DETAILED DESCRIPTION OF VARIOUS ASPECTS OF THIS DISCLOSURE
[0018] Various aspects of this disclosure are now described with
reference to FIGS. 1-6, it being appreciated that the figures
illustrate various aspects of the subject matter and may not be to
scale or to measure.
Module
[0019] In one aspect of this disclosure, a BNNP may include a
plurality of FPGAs and/or ASICs, which may each contain a large
number IPUs, image buffers with interconnecting buses, and control
logic, where a plurality of pattern recognition jobs may be loaded,
each into one of the plurality of the image buffers, and weights
for computing each of the nodes may be loaded into the BNNP from
external memory.
[0020] Reference is now made to FIG. 2, a diagram of an example of
a BNNP architecture. The BNNP may comprise a plurality of inner
product units (IPUs) 22. Each of the IPUs 22 may be driven in
parallel by one of a plurality of weight buses 28, which may be
loaded from a memory interface 24. Each of the IPUs 22 may also be
driven in parallel by one of a plurality of job buses 27, which may
be loaded from one of a plurality of image buffers 20. Each of the
image buffers 20 may be controlled by job control logic 21, through
an image control bus 29, which in turn may be controlled through a
job control bus 32 from data & address (D&A) control logic
25. An input/output (I/O) bus 31, may be a PCIe, Firewire,
Infiniband or other suitably high-speed bus, connected to suitable
I/O control logic 23, which may load commands and weight data into
the D&A control logic 25 or may sequentially load or unload
each of the image buffers 20 with input data or results through an
image bus 30.
[0021] To perform a batch of, for example, pattern recognition
jobs, which may initially consist of a plurality of input patterns,
one pattern per job, that may be inputted to a common neural
network with one set of weights for all the jobs in the batch, the
patterns may be initially loaded from the I/O bus 31 onto the image
bus 30 to be written into the plurality of image buffers 20, one
input pattern per image buffer, followed by commands written to the
D&A control logic 25 to begin the neural network computations.
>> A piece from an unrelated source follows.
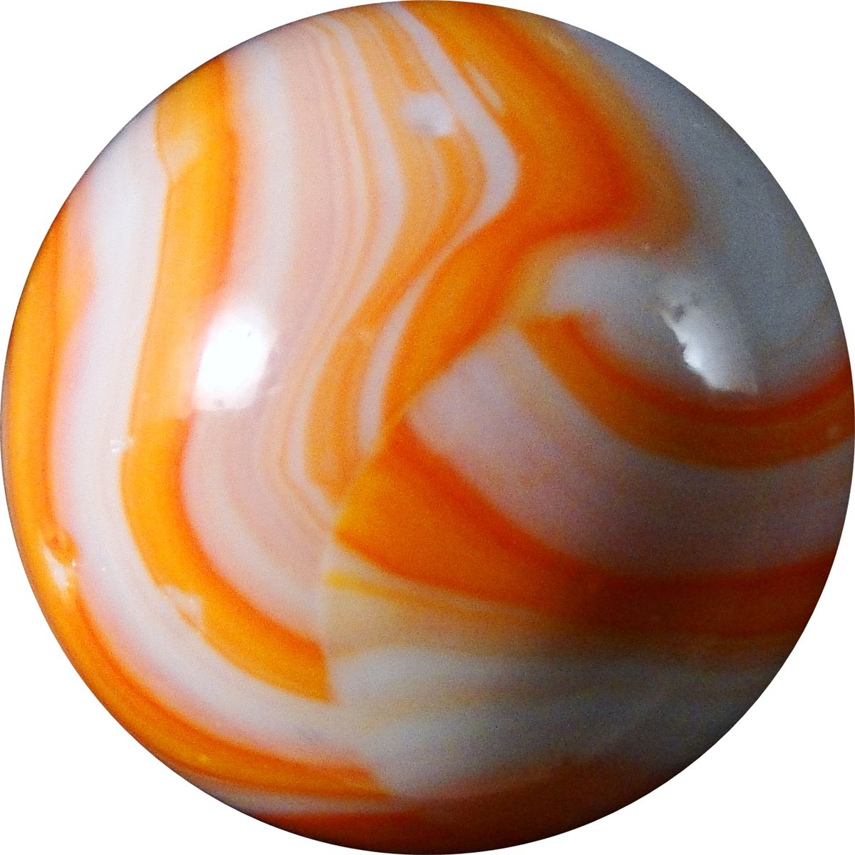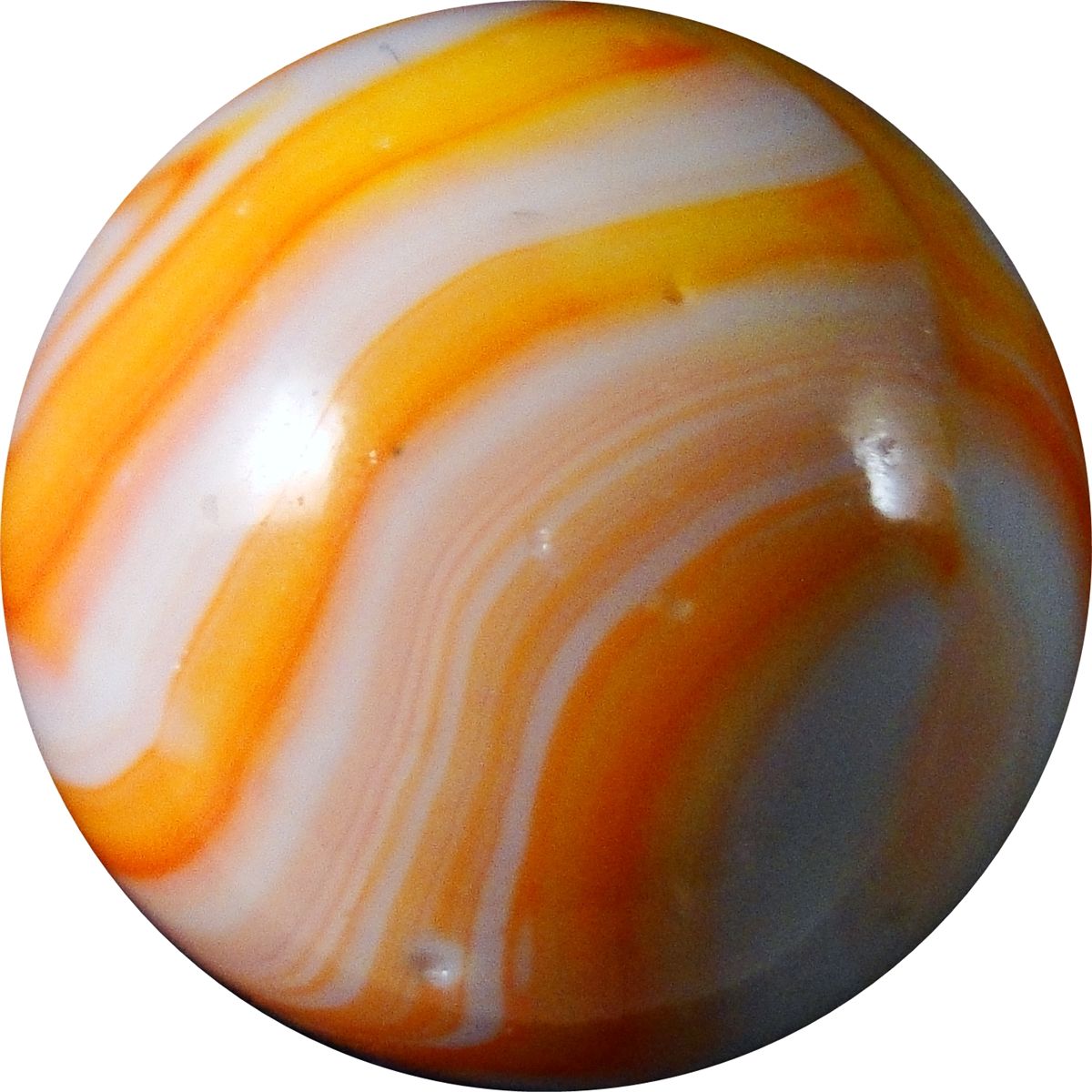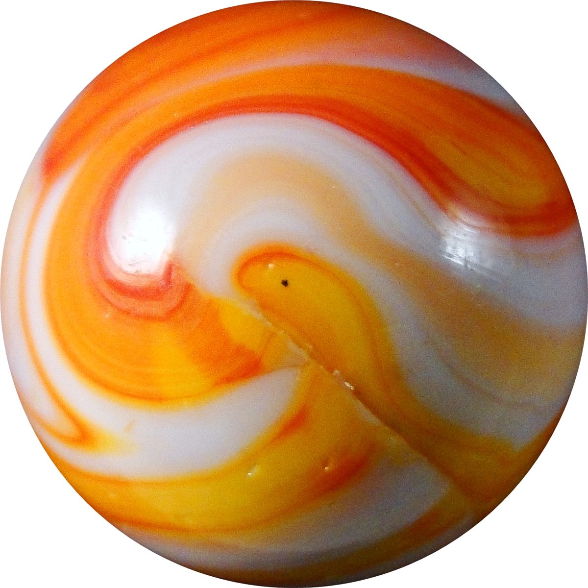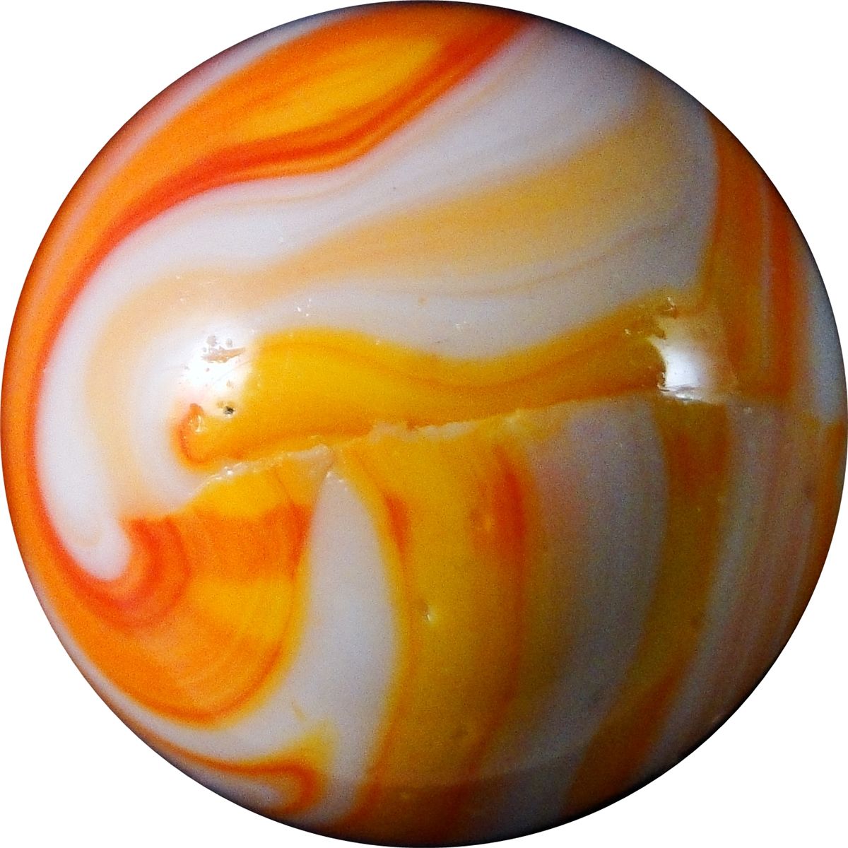 CHRISTENSEN AGATE COMPANY, Striped Opaque. Very pretty. Two-seam. Mixed yellow and red swirled on white. Several very tiny chips and pinpricks. Cambridge OH, circa 1927-1929. 5/8". Near Mint(+) (8.8).

The D&A control logic 25 may begin the neural network
computations by simultaneously issuing burst read commands with
addresses through the memory interface 24 to external memory, which
may be, for example, double data rate (DDR) memory (not shown),
while issuing commands for each job to its respective job control
logic 21. There may be M*N IPUs in each FPGA, where each of M jobs
may simultaneously use N IPUs to calculate the values of N nodes in
each layer (where M and N are positive integers). This may be
performed by simultaneously loading M words, one word from each
job's image buffer 20, into each job's N IPUs 22, while inputting N
words from the external memory, one word for each of the IPUs 22 in
all M jobs. This process may continue until all the image buffer
data has been loaded into the IPUs 22, after which the IPUs 22 may
output their results to each of their respective job buses 27,
which may be performed one row of IPUs 22 at a time, for N cycles
to be written into the image buffers 20. To compute one layer of
the neural network, this process may be repeated until all nodes in
the layer have been computed, after which the original inputs may
replaced with the results written into the image buffer, and the
next layer may be computed until all layers have been computed,
after which the neural network results may be returned through the
I/O control logic 23 and the I/O bus 31.
[0022] Therefore, according to one aspect of the present
disclosure, a method for performing batch neural network processing
may be as follows: [0023] a) Load each of up to N input banks of
respective image buffers with up to M jobs of neural network
inputs, one job per image buffer; [0024] b) Simultaneously read M
node weights for a given layer of neural network processing from
external memory and write each node weight to a respective row of N
IPUs, while loading a corresponding job input into M IPUs connected
from each image buffer's input bank; [0025] c) In each IPU,
multiply the input with the weight and add the product to a result;
[0026] d) Repeat b) and c) for all inputs in the image buffer's
input bank; [0027] e) For each of M IPUs connected to each image
buffer, output the respective IPU's result to the image buffer's
output bank, one result at a time; [0028] f) Repeat b), c), d) and
e) for all nodes in the layer; [0029] g) Exchange each image
buffer's input bank with its output bank, and repeat b), c), d),
e), and f) for all layers in the neural network; and [0030] h)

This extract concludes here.